- Prompt:
Where the records below show a line containing "Craft Beer Flights", start copying; end with the line containing "Sea Ice Extent", and copy it too.

- Material provided:

<<<<

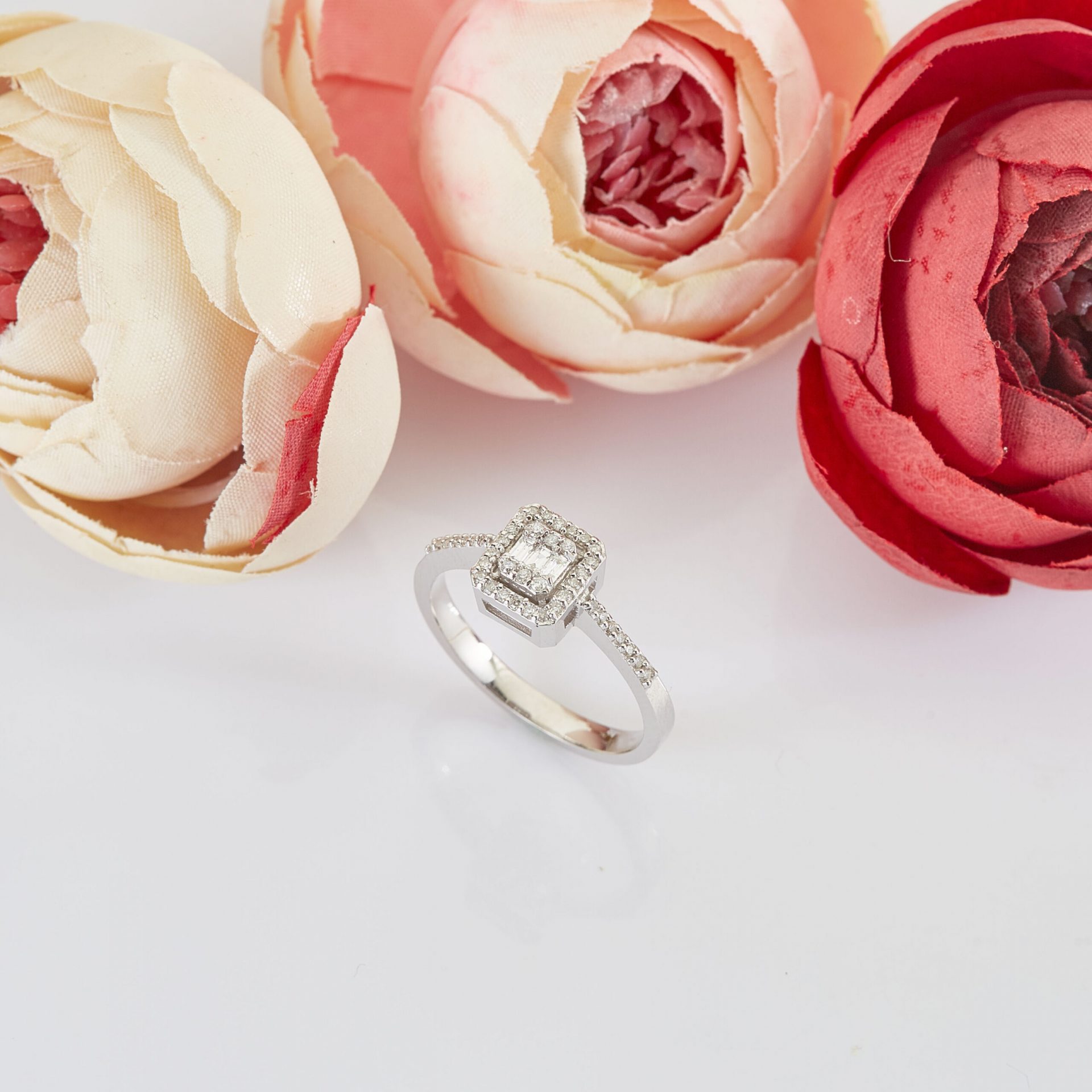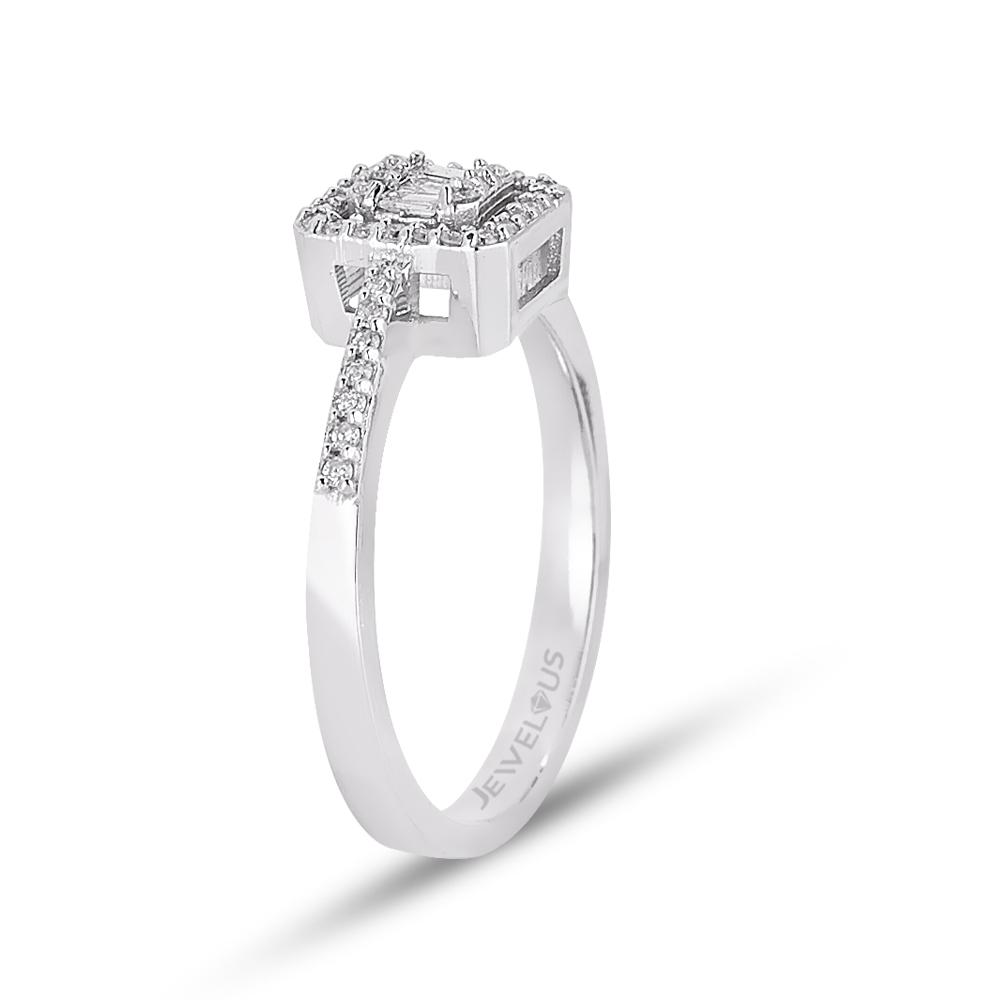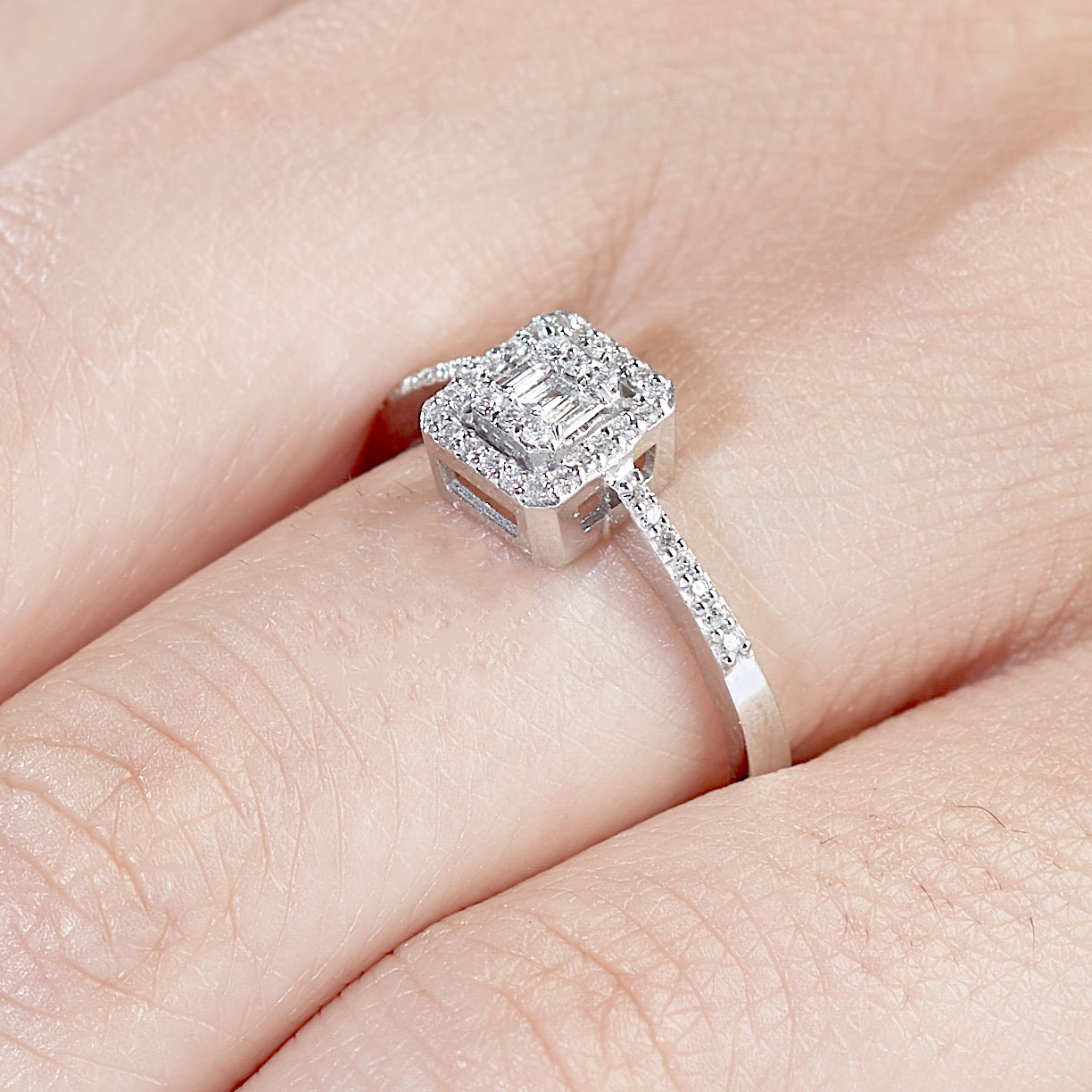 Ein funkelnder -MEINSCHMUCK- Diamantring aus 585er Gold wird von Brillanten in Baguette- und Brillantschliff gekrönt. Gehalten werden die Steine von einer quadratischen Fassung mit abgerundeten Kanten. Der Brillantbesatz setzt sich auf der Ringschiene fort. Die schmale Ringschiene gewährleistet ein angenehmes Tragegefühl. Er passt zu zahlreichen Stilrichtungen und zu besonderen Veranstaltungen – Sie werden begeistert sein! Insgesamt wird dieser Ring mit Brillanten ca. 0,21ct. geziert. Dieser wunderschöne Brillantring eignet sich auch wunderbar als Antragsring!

>>>>
<<<<

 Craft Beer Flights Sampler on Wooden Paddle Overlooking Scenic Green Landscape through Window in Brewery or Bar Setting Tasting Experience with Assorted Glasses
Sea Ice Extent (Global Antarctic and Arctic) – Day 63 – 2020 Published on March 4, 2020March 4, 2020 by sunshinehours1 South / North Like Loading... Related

>>>>

- Expected answer:
 Craft Beer Flights Sampler on Wooden Paddle Overlooking Scenic Green Landscape through Window in Brewery or Bar Setting Tasting Experience with Assorted Glasses
Sea Ice Extent (Global Antarctic and Arctic) – Day 63 – 2020 Published on March 4, 2020March 4, 2020 by sunshinehours1 South / North Like Loading... Related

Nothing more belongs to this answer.